Lawrence LeBlond for redOrbit.com – Your Universe Online
The global obesity epidemic has continued to burgeon without any solid intervention to halt and reverse an issue that now affects more than 1 in 3 people. Yet, that could change with the development of a new vaccine that scientists are hoping will keep the pounds off at the dinner table.
The vaccine — dubbed the “flab jab” — is the invention of scientists at the South Dakota, US company Braasch Biotech with Dr. Keith Haffer at the lead. In lab tests, mice injected with a single dose of the vaccine lost 10 percent of body weight in four days, despite being fed a high-fat diet. This suggests people might be able to continue to overeat and still keep a trim.
If the vaccine passes further safety trials, scientists believe it could lead to a new revolutionary tool in the fight against obesity. Currently the only non-dieting options most people are left with for controlling weight are risky surgeries and strong drugs, which often come with serious side effects.
Haffer noted the team tested two different versions of the vaccine, both offering similar results within three weeks of administration. The body weight loss was not seen in a matched control group of 10 untreated mice.
The vaccine works by fooling the immune system into making antibodies that fight off the hormone somatostatin, which promotes slow metabolism. Somatostatin is made by the brain and the digestive system and interferes with other hormones, leading to the metabolism slowing down and weight being put on. The vaccine antibodies stop the hormone from working, allowing metabolism to speed up and the pounds to drop off.
“This study demonstrates the possibility of treating obesity with vaccination,” said Haffer. “Although further studies are necessary to discover the long term implications of these vaccines, treatment of human obesity with vaccination could provide physicians with a drug and surgical-free option against the weight epidemic.”
This is a significant find given that close to half of all British men could be overweight and obese within 20 years, according to research published by The Lancet in 2011. The proportion of men being labeled obese was predicted to rise from 20 percent to about 48 percent in that timeframe. That study also predicted that 2 in five women in the UK will be obese by 2030.

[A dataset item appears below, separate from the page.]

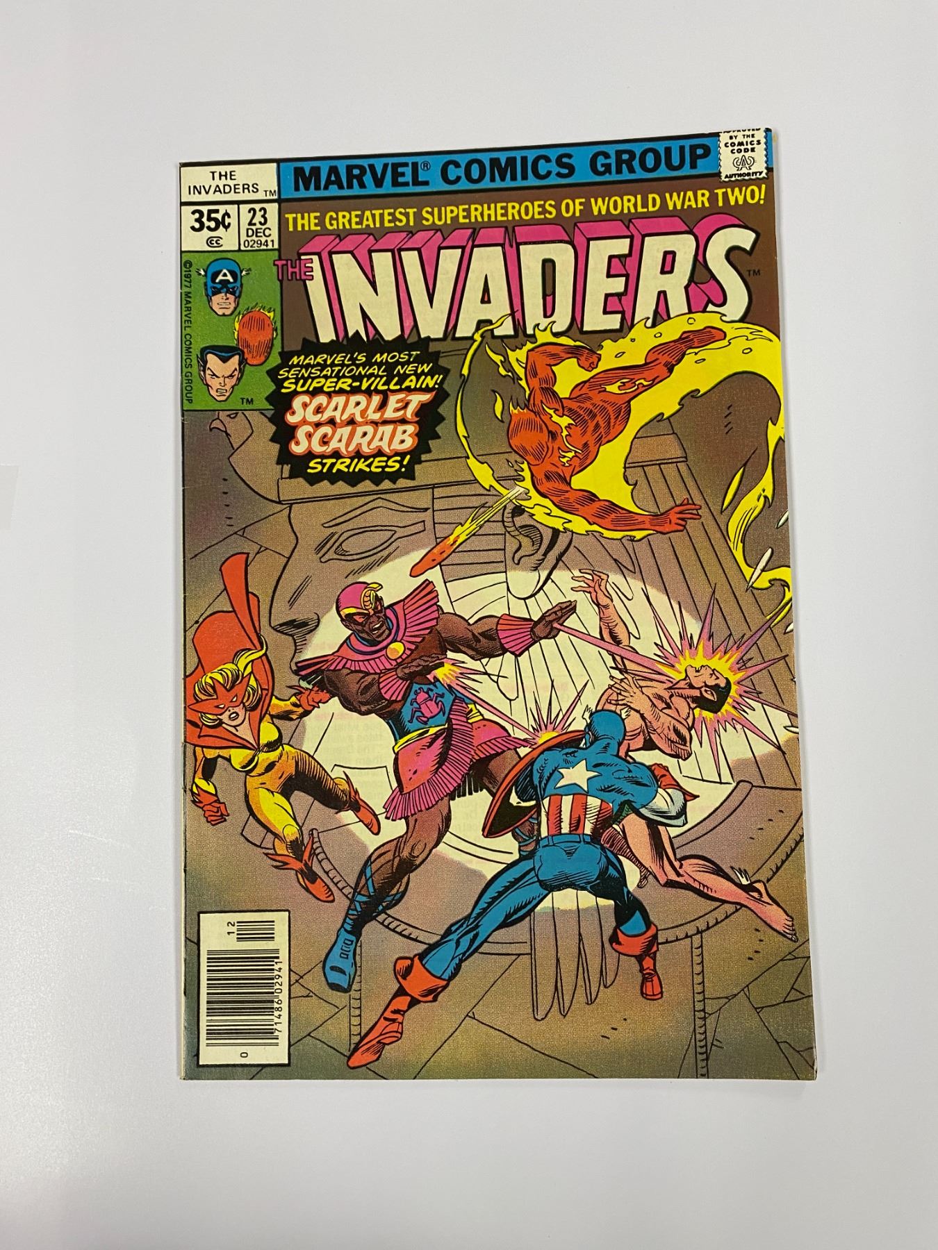 The Invaders #23 Marvel's Most Sensarional new super villain Scarlet Scarab strikes!, $0.35, Dec 1977,
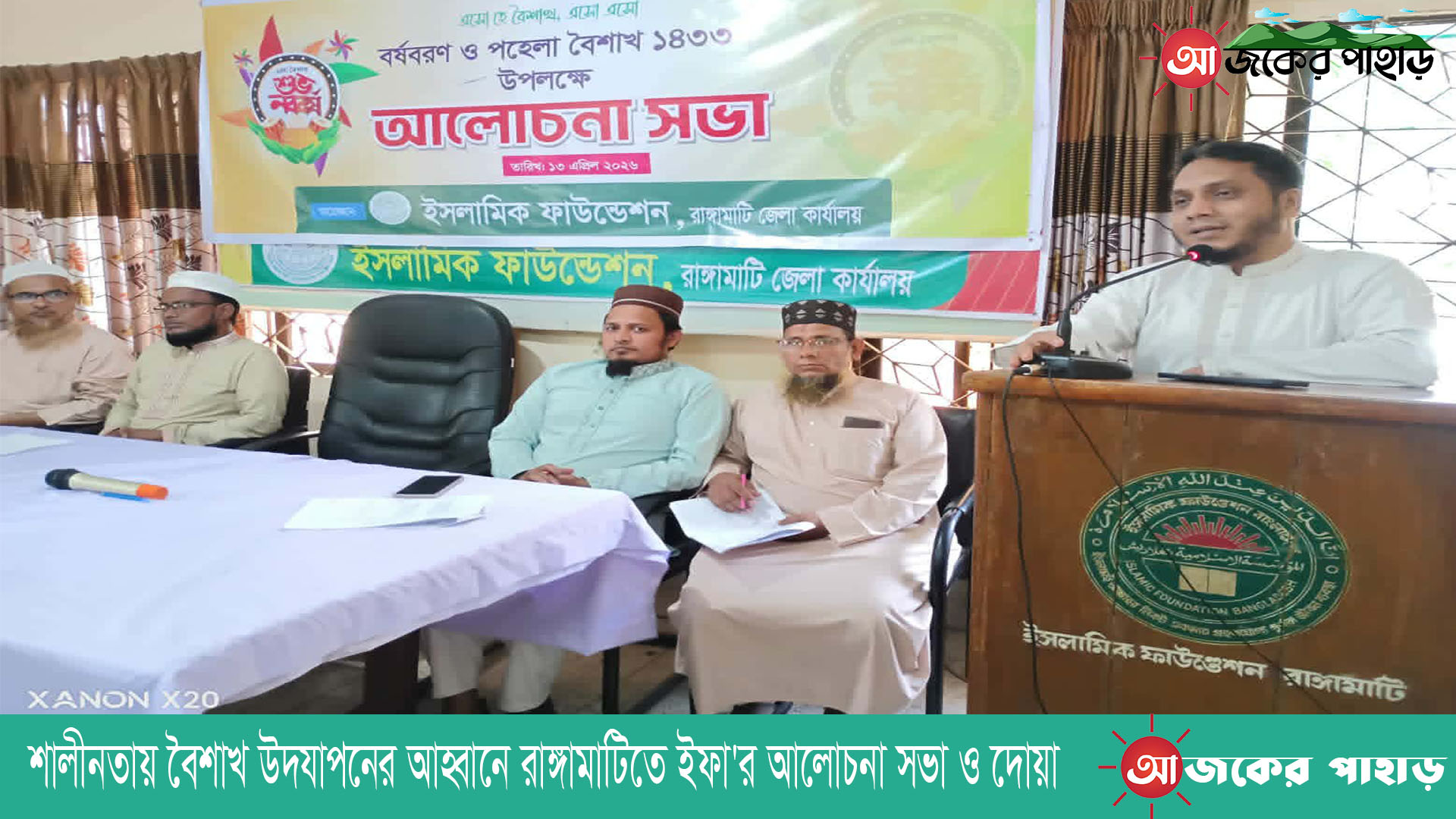 ‘এসো হে বৈশাখ, এসো এসো’ স্লোগানকে সামনে রেখে বর্ষবরণ ও পহেলা বৈশাখ ১৪৩৩ বঙ্গাব্দ উদযাপন উপলক্ষে রাঙ্গামাটিতে ইসলামিক ফাউন্ডেশনের উদ্যোগে এক আলোচনা সভা ও দোয়া মাহফিল অনুষ্ঠিত হয়েছে। অনুষ্ঠানে বক্তারা বাংলা নববর্ষ উদযাপনে ইসলামী সংস্কৃতি ও মূল্যবোধকে ধারণ করার উপর গুরুত্বারোপ করেন।

According to data from the US Centers for Disease Control and Prevention (CDC), more than 33 percent of American adults over age 19 are obese; and an average of 16 percent of all children 19 and younger are also overweight. Those numbers are also likely to rise over the next 20 years.
Obesity kills about 30,000 people every year in the UK and costs the National Health Service more than $800 million annually, and the UK economy more than $3 billion.
Reporting the findings in the Journal of Animal Science and Biotechnology, the team wrote: “The vaccination effects did not significantly reduce cumulative food consumption and was confirmed by residual anti-somatostatin antibodies in mouse plasma at the study’s end.”
More research will be needed, said Haffer, and his team plans to look at the vaccine´s effects in obese pigs before moving on to human trials. He said it is likely ten years out before the advances could be seen used in humans as a way to control weight gain.